In den Gabeln derselben nistet häufig der Tuyuyu, eine riesige Storchart (Tantalus Loculator) mit schwarz- und rothbandirtem Halse und einem mächtigen speerförmigen Schnabel; die Brasilianer nennen ihn hierauf anspielend „der Soldat“. Die Größe eines von mir erlegten Exemplares betrug 41/2’ bis zum Scheitel, während die ausgespannten Flügel einen Durchmesser von 81/2’ ergaben, Verhältnisse, die gewiß selten unter den Vögeln sind. So hätte also die Natur, Gleiches zu Gleichem gesellend, dem mächtigen Samaūmabaume in dem Tuyuyu einen würdigen Bewohner gegeben, zwei Gegenstände, gleich geeignet, als Beispiele von den Wundern und der Ueppigkeit tropisch-amerikanischer Zonen zu dienen.

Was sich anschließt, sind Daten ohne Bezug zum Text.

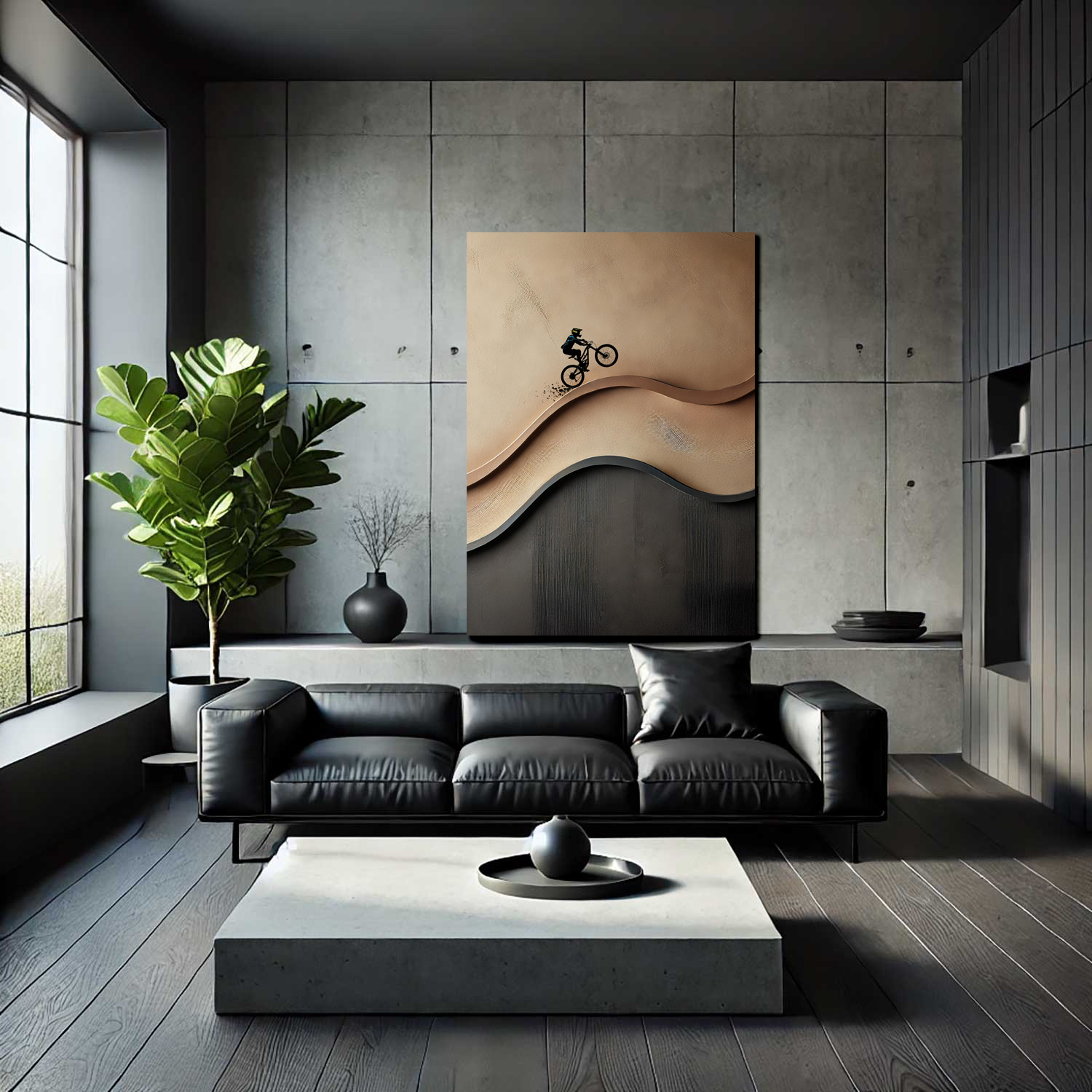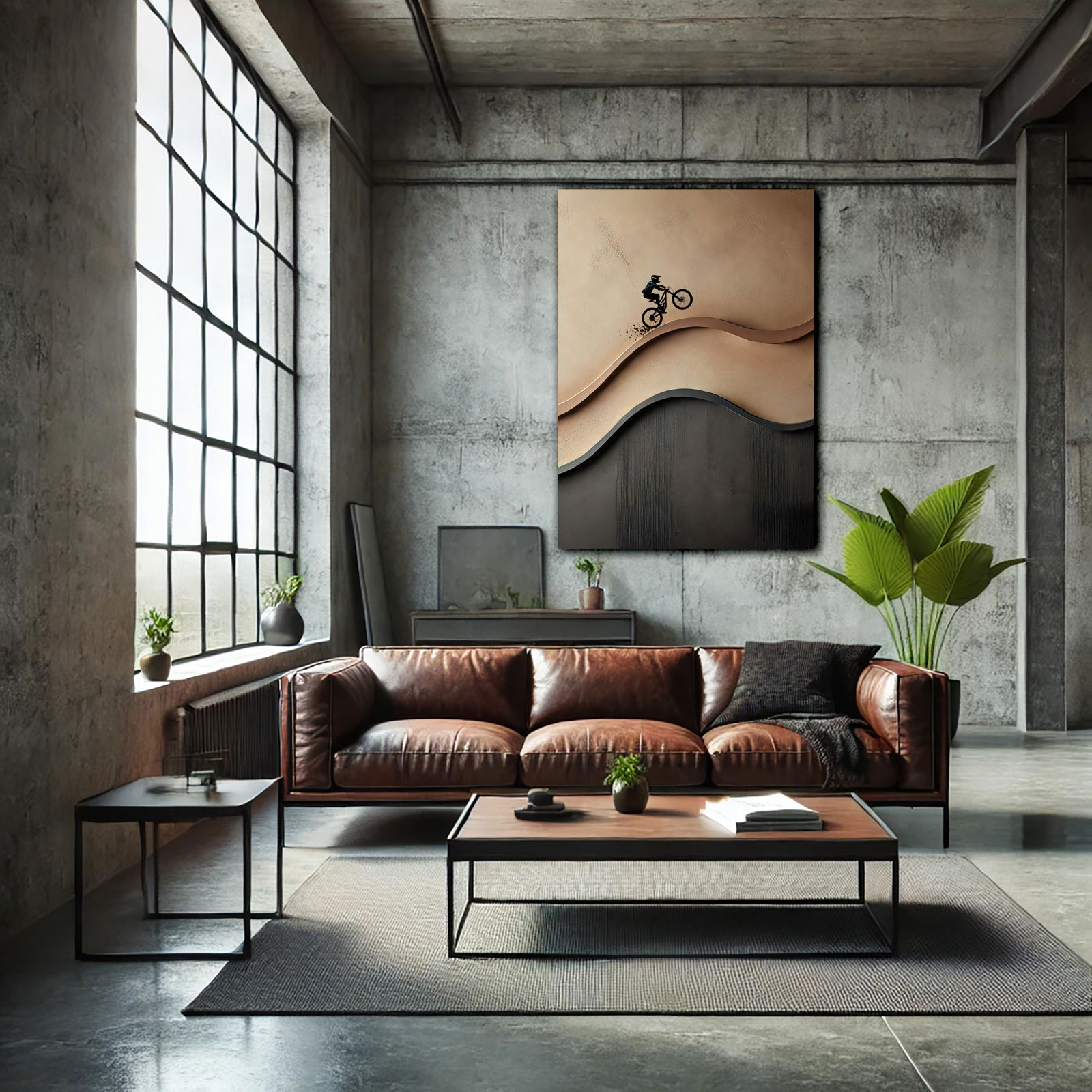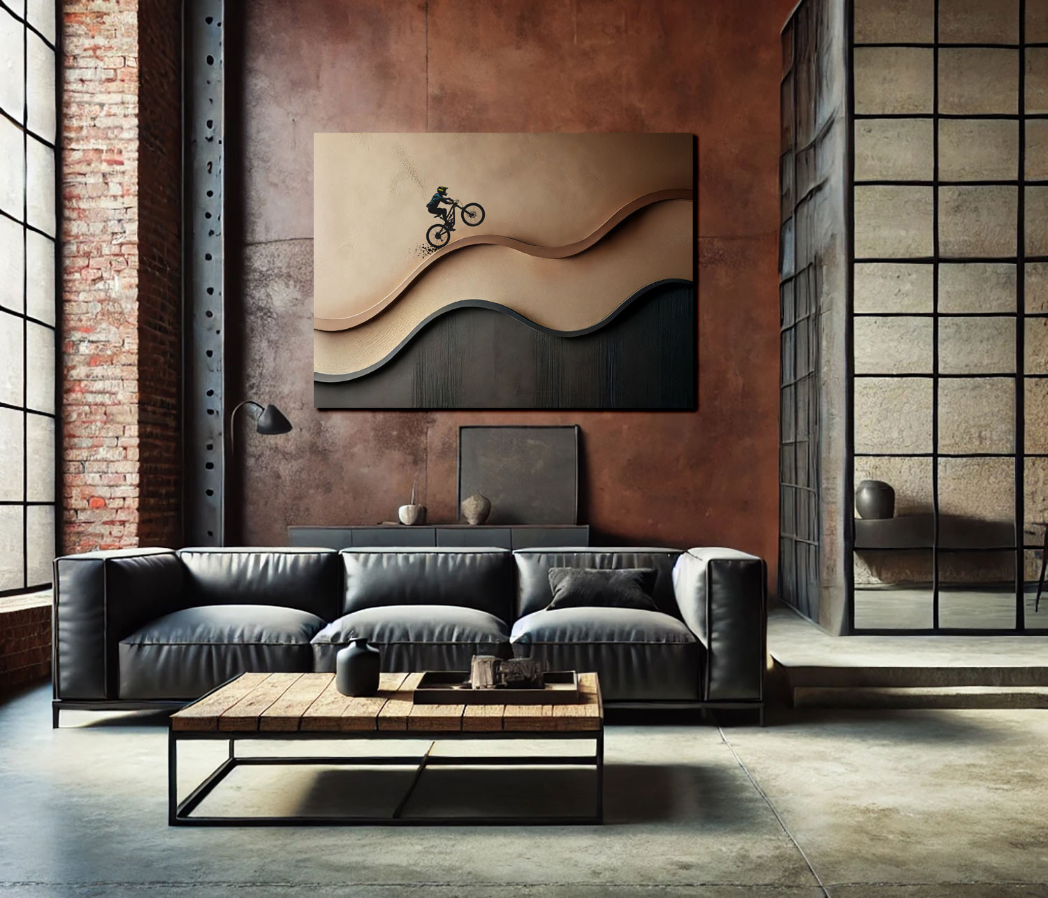 This original painting captures the freedom and energy of the mountain bike in a bold yet minimalist way. Hand-painted on stretched canvas with textured layers, it presents a cyclist moving through a brown abstract landscape combining sport, motion and modern art into one striking piece.

Ein unverwüstlicher Stoff. Zur Zeit des letzten italienischen Krieges wurde der Gartenlaube unter dem Titel „Die erste Waffenthat. Aus den Erinnerungen eines österreichischen Officiers“, die Erzählung einer Episode mitgetheilt, die sich in jenem Kriege zugetragen haben sollte. Die Geschichte war interessant, die Form ihrer Darstellung gewandt, und die Redaction, welche keinen Grund hatte, an der schriftstellerischen Ehrenhaftigkeit des Einsenders zu zweifeln, nahm die Skizze als einen Originalartikel in die Spalten ihres Blattes auf. Später erfuhr sie – denn keine Redaction in der Welt kann Alles gelesen haben, was in irgend einer Literatur erscheint oder erschienen ist – daß die hübsche Erzählung lediglich die Bearbeitung einer schon zehn oder zwölf Jahre früher veröffentlichten kleinen Novelle von Prosper Mérimée war. Unumwunden gestanden wir darauf ein, daß man uns getäuscht hatte.

Jetzt hat das ergötzliche Stücklein jedoch abermals seine Dienste thun müssen. Man hat es auf schleswig’schen Boden verpflanzt, in das blutige Gefecht von Oeversee, dem neuen Locale angepaßt und geeignet zugeschnitten, legt es einem der nach der Heimath zurückgebrachten verwundeten österreichischen Officiere in den Mund und tischt es als funkelnagelneue Kriegsthat in den Frankfurter Familienblättern, der Beilage zum Frankfurter Anzeiger, mit unbefangener Gemüthlichkeit dem Publicum frisch drauf los wieder auf.

Wahrhaftig, dem guten Mérimée muß das Herz im Leibe lachen über die Unverwüstlichkeit seiner Novelle; nichts kann ja die Trefflichkeit seiner Skizze schlagender darthun, als dies beständige Wiederaufleben derselben in allerhand Form und Gewand. Und wer mag absehen, in wie vielen Metamorphosen die Episode noch in der deutschen Journalistik sich umtreiben wird?

Indeß hielten wir es doch für das Beste, unsere Leser vor diesem „unverwüstlichen Stoffe“ zu warnen.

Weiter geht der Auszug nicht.